State v. Curtis, 28 N.C. 247, 6 Ired. 247 (1846)

June 1846 · Supreme Court of North Carolina
28 N.C. 247, 6 Ired. 247

THE STATE vs. WESLEY CURTIS.

Where the jury find a general verdict of “ guilty,” the Court must either pronounce its sentence upon the verdict or grant a new trial.

It cannot set aside the verdict and direct a judgment of acquittal to be entered for the defendant.

Even where the jury find a verdict subject to the opinion of the Court on a point reserved, the Court cannot grant a judgment against the verdict, unless the jury say “ they find such and such facts, and if, upon them, the Court think the law is with the defendant, they find him not guilty, il otherwise, guilty,” or words in substance to that effect.

Appeal from the Superior Court of Law of McDowell *248County, at the Spring Term, 1846, his Honor Judge Peak-son presiding.

The following case was reported by the Judge :

This was an indictment for perjury. The Solicitor, acting for the State, read in evidence a State’s warrant and the proceedings of the committing magistrate thereon. The warrant was against Archibald M. Hemphill, Benjamin C. Hemphill, Jesse Watkins and John R. Hemp-hill, charging them with an assault and battery on the present defendant. These parties were all arrested except B. C. Churchill, and brought before one Padget, a Justice of the Peace, when the parties were bound over, except Jesse Watkins, who was discharged. Some weeks afterwards, Benjamin C. Hemphill was arrested and brought before the said Padget for examination, and bound over to Court. The defendant was sworn on both examinations, and upon both occasions stated, that “Archibald Hemphill struck him with an axe helve.” The defendant’s counsel insisted that the proceedings before the said Padget did not correspond with the allegations of the bill of indictment, and that there was a fatal variance,-because the bill of indictment charged that “ an issue was joined and came on to be tried before the said Padget, wherein the State was plaintiff and Archibald Hemphill, John R. Hemphill, Benjamin Hemphill and Jesse Watkins were defendants”; whereas it was contended that no such issue was joined or came on for trial, the proceedings being a mere examination before a committing magistrate, and, if any issue was joined, it was an issue between the State and Archibald Hemphill, John R. Hemphill and Jesse Watkins, and not between the State and these three and Benjamin PlemphiU, who had not been arrested. Thereupon, the counsel for the defendant moved the Court to instruct the jury to return a verdict of not guilty, on account of the variance. The Court reserved the question. Evidence was then given on the question of facts whether Archibald had or *249had not struck the defendant with an axe helve, or struck him at all. The issue was then submitted to the jury, who returned a verdict of “ guilty,” subject to the opinion of the Court upon the question reserved. The Court, upon that question, was of opinion with the defendant, and a verdict of not guilty was directed to be entered. From this judgment the Solicitor for the State appealed.

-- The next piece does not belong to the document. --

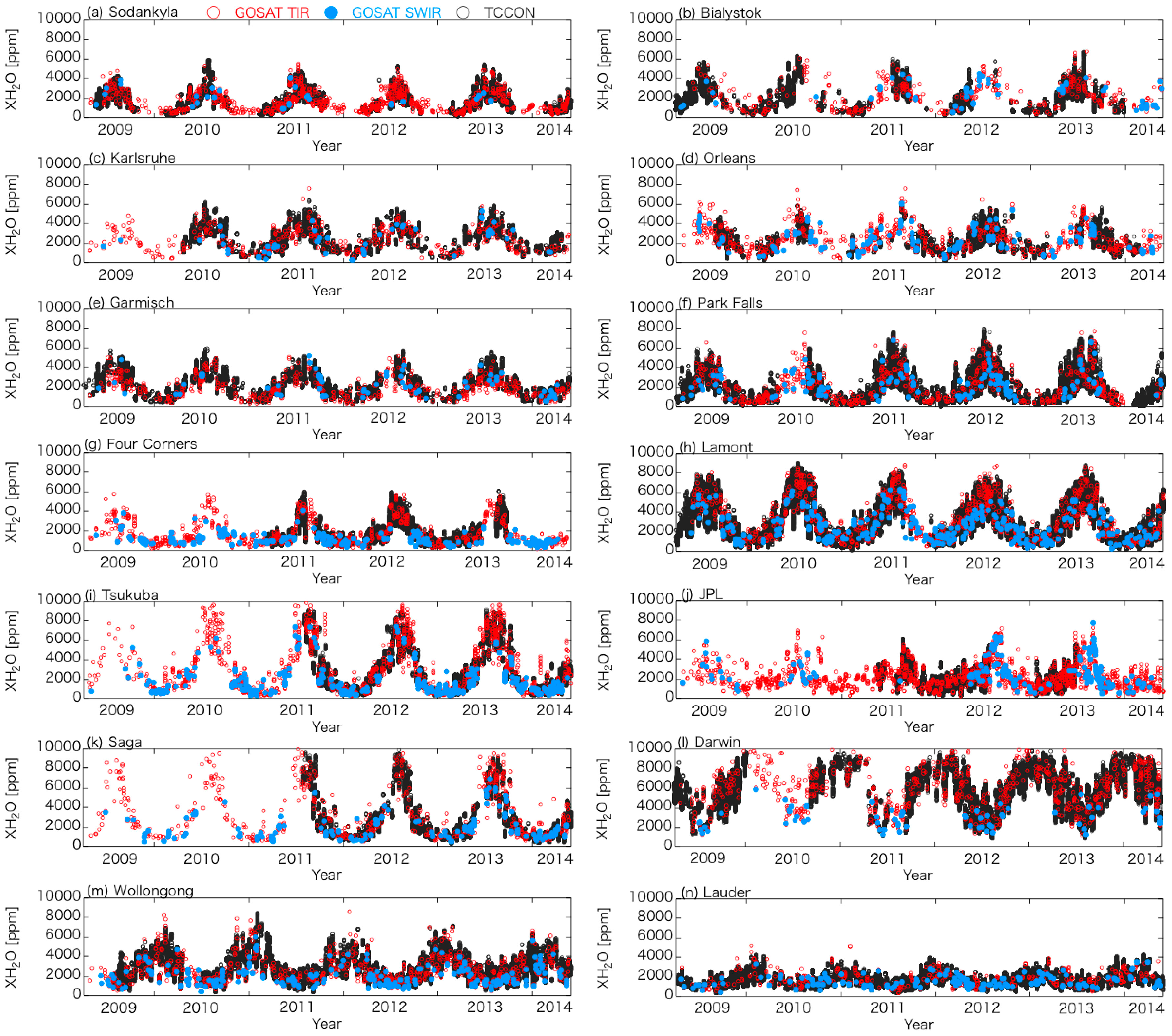 Time series of XH2O derived from TANSO-FTS TIR, TANSO-FTS SWIR, and ground-based FTS measurements around (a) Sodankylä; (b) Białystok; (c) Karlsruhe; (d) Orléans; (e) Garmisch; (f) Park Falls; (g) Four Corners; (h) Lamont; (i) Tsukuba; (j) JPL; (k) Saga; (l) Darwin; (m) Wollongong; and (n) Lauder sites. Black circles indicate the TCCON data, and red and blue circles indicate the TANSO-FTS TIR and SWIR data, respectively. The TANSO-FTS data only above land within 100 km distance from the TCCON site are shown.

Attorney General, for the State.

No counsel in this Court for the defendant.

Daniel, J.

The defendant was indicted for Perjury, He pleaded “ not guilty.” By the record sent up, it appears, that the jury found a general verdict of guilty against the defendant. The Judge, therefore, had either to pronounce the sentence of the law on motion, or grant a new trial. The record then further states, that the “ question reserved coming on for consideration, the Court was of opinion with the defendant, and a verdict of not guilty entered.” The jury had not asked the advice of the Court, in a special verdict, whether the defendant was guilty or not, or found a verdict subject to the opinion of the Court, upon any point of law reserved: they had found a general verdict of guilty. The Judge ordered this verdict to be set aside. He had power to do that, but he had no power to pronounce that the defendant was not guilty, in the face of the general verdict of the jury, upon the record, that he was guilty. That the jury intended to find a verdict of guilty subject to the opinion of the Court as to the law, arising upon those facts which are set forth in the case sent up here for our review, is stated by the Judge in the exception, to be a fact; but that is a statement inconsistent with what the jury have pronounced by their general verdict. Even if the verdict of “ Guilty” had been expressed to be “ subject to the opinion of tjhe Court” upon a point of law reserved, the Court would only have had the power,'if the opinion on that point was *250for the defendant, to set aside the verdict. There would be no authority to go another step, and change the verdict from one, that the defendant was guilty, into one, that he was not guilty. That can only be done, when the verdict is in that respect special, that is, when in a certain event the defendant is found guilty by the jury, and it is added, “ otherwise, not guilty or the like. But here, in the record, the verdict is in no degree conditional or dependent ; but it is a general and absolute verdict of guilty ; and the Court had no power to do more than either proceed to sentence on it, or set it aside and award a venire de novo, or grant a new trial. The case now stands, as if no trial had ever been had. The judgment must therefore be reversed and the case tried again.

Per Curiam. Judgment reversed and venire de novo.